→ **REQUIREMENT**
Your task is to repeat the entries word for word while leaving out the pictures.

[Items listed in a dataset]

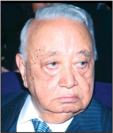
الملكية البريطانية ١٩٧٥، كما انتخب رئيساً للجنة الثقافية الاستشارية في معهد العالم العربي بباريس ١٩٩٠ - ١٩٩٣.

القاهرة - يوبي أي - غيب الموت الكاتب والمفكر والسياسي المصري الدكتور ثروت عكاشة عن عمر يناهز (٩١ عاماً). وذكر التلفزيون المصري أن عكاشة توفي بعد ظهر أمس الأول الاثنين. والراحل عكاشة المولود عام ١٩٢١، عُرف ببداية حياته المهنية كأحد أبرز أعضاء "الصف الثاني" في تنظيم الضباط الأحرار الذي قاد ثورة ٢٣ يوليو ١٩٥٢، التي أطاحت بالنظام الملكي، وحوّلت مصر إلى النظام الجمهوري. بدأ الراحل حياته السياسية والمهنية عقب تركه الخدمة في القوات المسلحة بعد نجاح ثورة ٢٣ من يوليو ١٩٥٢، ليتولى منصب رئيس تحرير
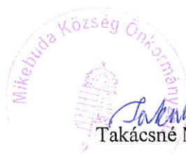
Takácsné Mocsári Ibolya polgármester
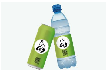
Neu ab Jänner 2025: das Einweg-Pfand

Am 1. Jänner 2025 startet in Österreich das Einwegpfand auf Kunststoff- und Metall-Getränkeverpackungen: Beim Kauf einer Einweg-Getränkeflasche oder Getränkedose werden 25 Cent Pfand eingehoben. Das trifft auf alle geschlossenen Getränke in Kunststoffflaschen und Metalldosen mit einer Füllmenge von 0,1 bis 3 Liter zu, die mit dem Pfandsymbol gekennzeichnet sind. Die Flaschen und Dosen können an allen Verkaufsstellen zurückgegeben werden, an denen sie ausgegeben wurden. Ausnahmen sind Getränkeautomaten sowie Post- und Paketzusteller. Wichtig ist, darauf zu achten, dass die Verpackungen leer und unzerdrückt sind. Achtung: In der Übergangsphase werden auch noch Flaschen und Dosen ohne Pfandsymbol im Verkaufsregal stehen!

→ **SOLUTION FOR THIS EXERCISE**
الملكية البريطانية ١٩٧٥، كما انتخب رئيساً للجنة الثقافية الاستشارية في معهد العالم العربي بباريس ١٩٩٠ - ١٩٩٣.

القاهرة - يوبي أي - غيب الموت الكاتب والمفكر والسياسي المصري الدكتور ثروت عكاشة عن عمر يناهز (٩١ عاماً). وذكر التلفزيون المصري أن عكاشة توفي بعد ظهر أمس الأول الاثنين. والراحل عكاشة المولود عام ١٩٢١، عُرف ببداية حياته المهنية كأحد أبرز أعضاء "الصف الثاني" في تنظيم الضباط الأحرار الذي قاد ثورة ٢٣ يوليو ١٩٥٢، التي أطاحت بالنظام الملكي، وحوّلت مصر إلى النظام الجمهوري. بدأ الراحل حياته السياسية والمهنية عقب تركه الخدمة في القوات المسلحة بعد نجاح ثورة ٢٣ من يوليو ١٩٥٢، ليتولى منصب رئيس تحرير
Takácsné Mocsári Ibolya polgármester
Neu ab Jänner 2025: das Einweg-Pfand

Am 1. Jänner 2025 startet in Österreich das Einwegpfand auf Kunststoff- und Metall-Getränkeverpackungen: Beim Kauf einer Einweg-Getränkeflasche oder Getränkedose werden 25 Cent Pfand eingehoben. Das trifft auf alle geschlossenen Getränke in Kunststoffflaschen und Metalldosen mit einer Füllmenge von 0,1 bis 3 Liter zu, die mit dem Pfandsymbol gekennzeichnet sind. Die Flaschen und Dosen können an allen Verkaufsstellen zurückgegeben werden, an denen sie ausgegeben wurden. Ausnahmen sind Getränkeautomaten sowie Post- und Paketzusteller. Wichtig ist, darauf zu achten, dass die Verpackungen leer und unzerdrückt sind. Achtung: In der Übergangsphase werden auch noch Flaschen und Dosen ohne Pfandsymbol im Verkaufsregal stehen!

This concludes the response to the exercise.